What needs to be done: No pictures belong in the copy. Retype exactly, and only, the stretch of lines below from the one with "After anesthetic review" through the one with "ร้อยเวร 60 สภ.หนองจิก".

Record excerpts:
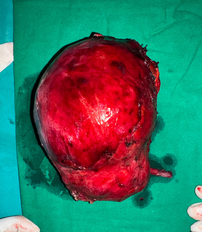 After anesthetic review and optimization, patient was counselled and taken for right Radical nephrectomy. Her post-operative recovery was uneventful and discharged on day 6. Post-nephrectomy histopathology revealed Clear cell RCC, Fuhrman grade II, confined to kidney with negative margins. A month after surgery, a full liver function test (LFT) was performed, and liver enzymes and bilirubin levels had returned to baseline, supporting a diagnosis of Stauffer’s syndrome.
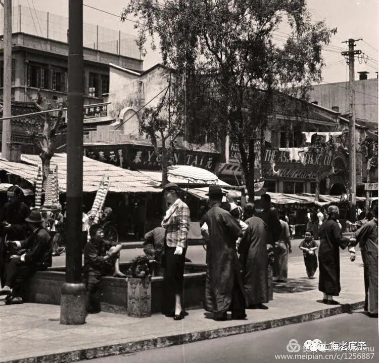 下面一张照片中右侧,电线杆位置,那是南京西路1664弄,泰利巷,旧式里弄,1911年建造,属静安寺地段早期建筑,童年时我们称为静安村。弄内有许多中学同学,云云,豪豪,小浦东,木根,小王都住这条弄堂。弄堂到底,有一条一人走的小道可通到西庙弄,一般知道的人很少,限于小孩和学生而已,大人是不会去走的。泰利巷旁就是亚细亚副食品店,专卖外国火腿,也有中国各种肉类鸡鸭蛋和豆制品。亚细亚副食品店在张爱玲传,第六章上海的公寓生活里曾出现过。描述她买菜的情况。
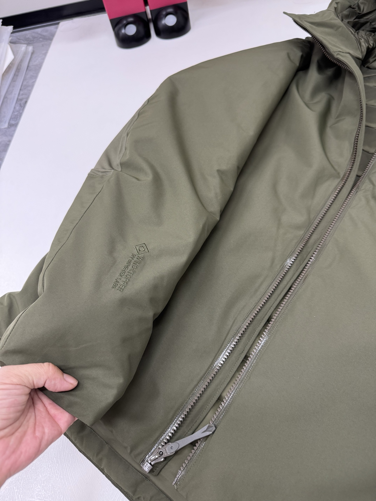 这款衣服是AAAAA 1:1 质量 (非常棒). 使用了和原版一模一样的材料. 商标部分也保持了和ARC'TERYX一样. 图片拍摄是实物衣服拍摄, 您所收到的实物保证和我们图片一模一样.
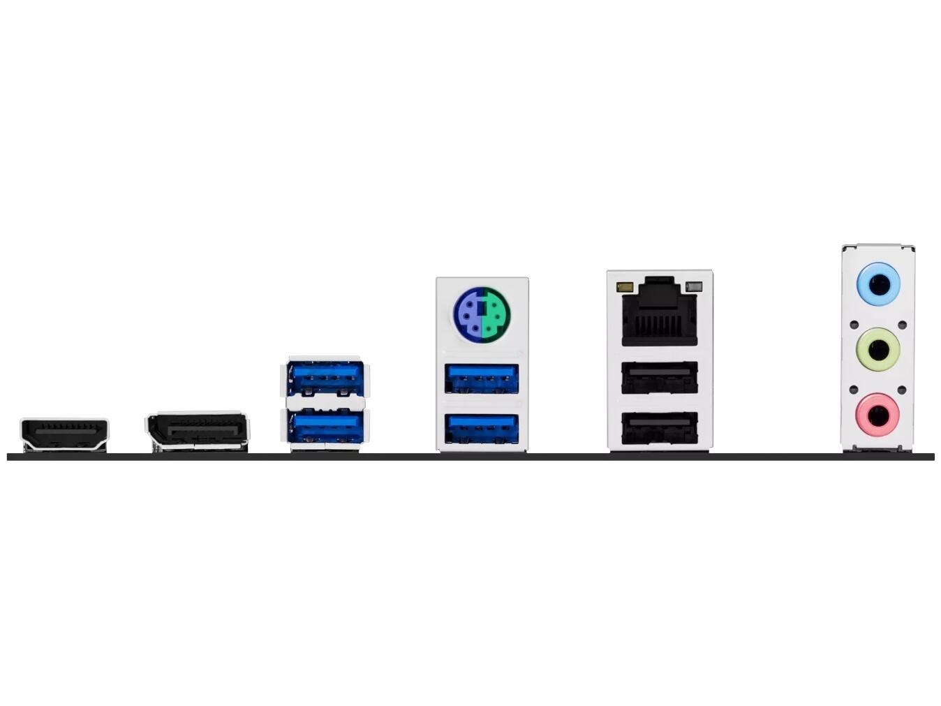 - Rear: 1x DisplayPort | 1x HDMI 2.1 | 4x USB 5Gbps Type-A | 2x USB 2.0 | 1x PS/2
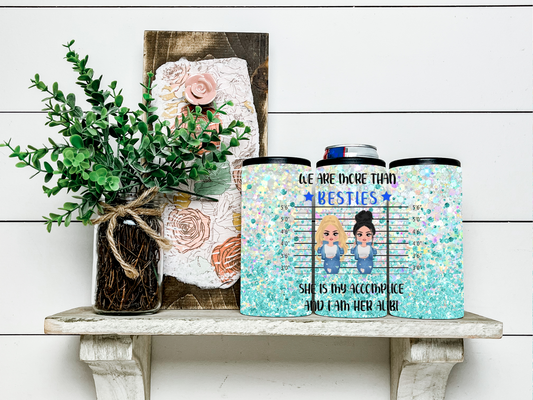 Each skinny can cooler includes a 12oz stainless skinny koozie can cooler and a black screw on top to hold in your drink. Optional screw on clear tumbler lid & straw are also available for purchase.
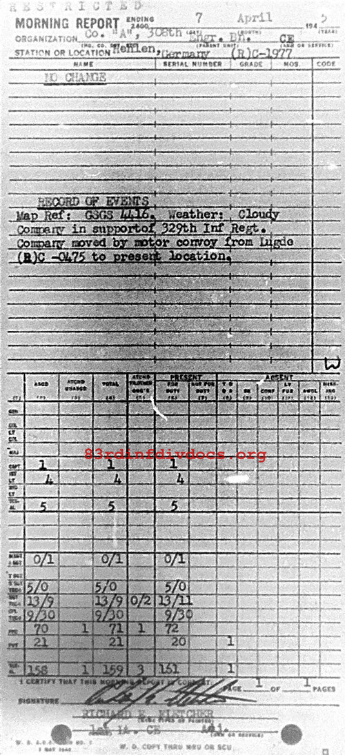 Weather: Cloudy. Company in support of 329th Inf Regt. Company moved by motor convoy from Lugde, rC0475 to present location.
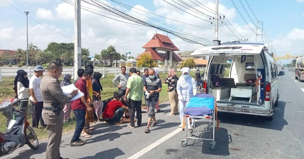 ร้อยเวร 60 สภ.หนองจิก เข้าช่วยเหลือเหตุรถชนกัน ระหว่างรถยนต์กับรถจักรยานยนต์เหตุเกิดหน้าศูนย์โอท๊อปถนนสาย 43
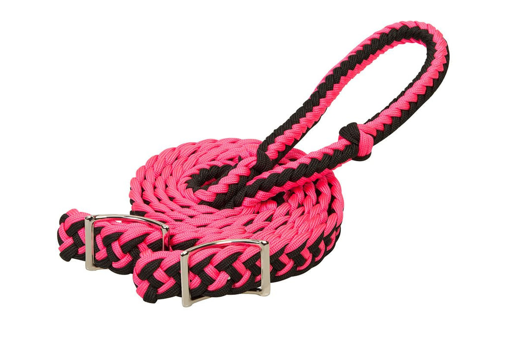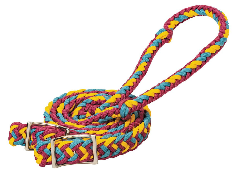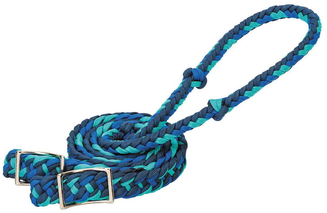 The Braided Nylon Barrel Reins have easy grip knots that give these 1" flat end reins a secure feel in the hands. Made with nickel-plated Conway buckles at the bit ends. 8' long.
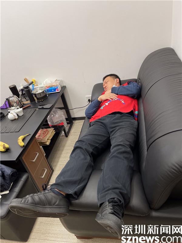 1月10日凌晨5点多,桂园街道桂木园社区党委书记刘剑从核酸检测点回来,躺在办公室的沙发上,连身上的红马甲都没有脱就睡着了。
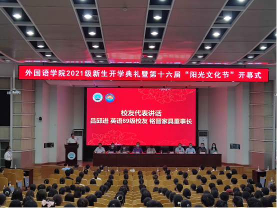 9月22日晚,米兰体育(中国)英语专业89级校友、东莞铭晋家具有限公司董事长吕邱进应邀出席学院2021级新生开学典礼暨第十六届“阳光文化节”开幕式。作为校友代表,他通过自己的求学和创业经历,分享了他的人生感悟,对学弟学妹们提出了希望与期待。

--

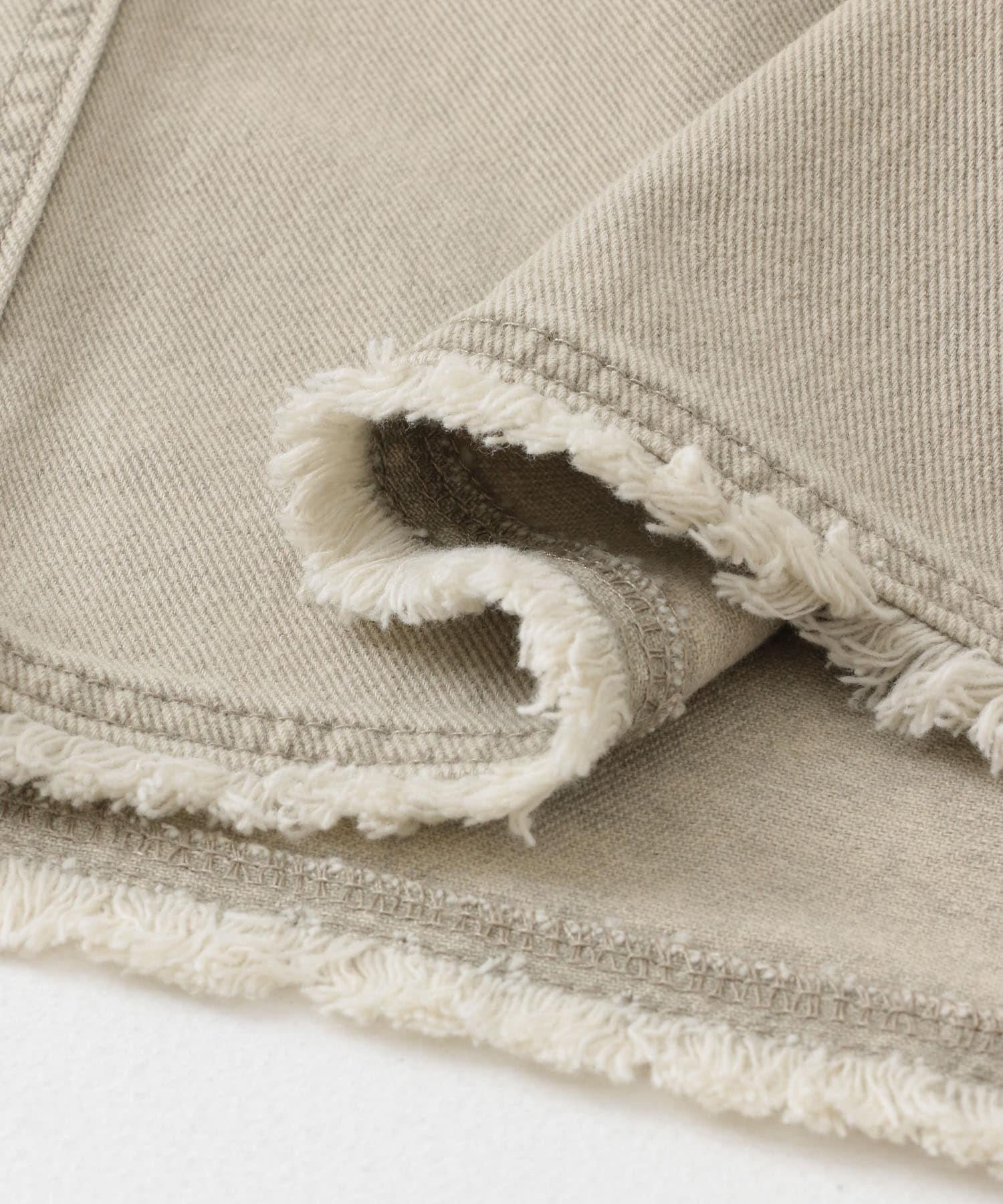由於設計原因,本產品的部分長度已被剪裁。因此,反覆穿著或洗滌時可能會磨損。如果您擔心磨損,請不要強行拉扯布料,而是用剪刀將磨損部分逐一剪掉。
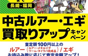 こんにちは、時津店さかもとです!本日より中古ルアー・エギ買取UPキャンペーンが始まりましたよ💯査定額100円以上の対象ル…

Exercise answer:
 After anesthetic review and optimization, patient was counselled and taken for right Radical nephrectomy. Her post-operative recovery was uneventful and discharged on day 6. Post-nephrectomy histopathology revealed Clear cell RCC, Fuhrman grade II, confined to kidney with negative margins. A month after surgery, a full liver function test (LFT) was performed, and liver enzymes and bilirubin levels had returned to baseline, supporting a diagnosis of Stauffer’s syndrome.
 下面一张照片中右侧,电线杆位置,那是南京西路1664弄,泰利巷,旧式里弄,1911年建造,属静安寺地段早期建筑,童年时我们称为静安村。弄内有许多中学同学,云云,豪豪,小浦东,木根,小王都住这条弄堂。弄堂到底,有一条一人走的小道可通到西庙弄,一般知道的人很少,限于小孩和学生而已,大人是不会去走的。泰利巷旁就是亚细亚副食品店,专卖外国火腿,也有中国各种肉类鸡鸭蛋和豆制品。亚细亚副食品店在张爱玲传,第六章上海的公寓生活里曾出现过。描述她买菜的情况。
 这款衣服是AAAAA 1:1 质量 (非常棒). 使用了和原版一模一样的材料. 商标部分也保持了和ARC'TERYX一样. 图片拍摄是实物衣服拍摄, 您所收到的实物保证和我们图片一模一样.
 - Rear: 1x DisplayPort | 1x HDMI 2.1 | 4x USB 5Gbps Type-A | 2x USB 2.0 | 1x PS/2
 Each skinny can cooler includes a 12oz stainless skinny koozie can cooler and a black screw on top to hold in your drink. Optional screw on clear tumbler lid & straw are also available for purchase.
 Weather: Cloudy. Company in support of 329th Inf Regt. Company moved by motor convoy from Lugde, rC0475 to present location.
 ร้อยเวร 60 สภ.หนองจิก เข้าช่วยเหลือเหตุรถชนกัน ระหว่างรถยนต์กับรถจักรยานยนต์เหตุเกิดหน้าศูนย์โอท๊อปถนนสาย 43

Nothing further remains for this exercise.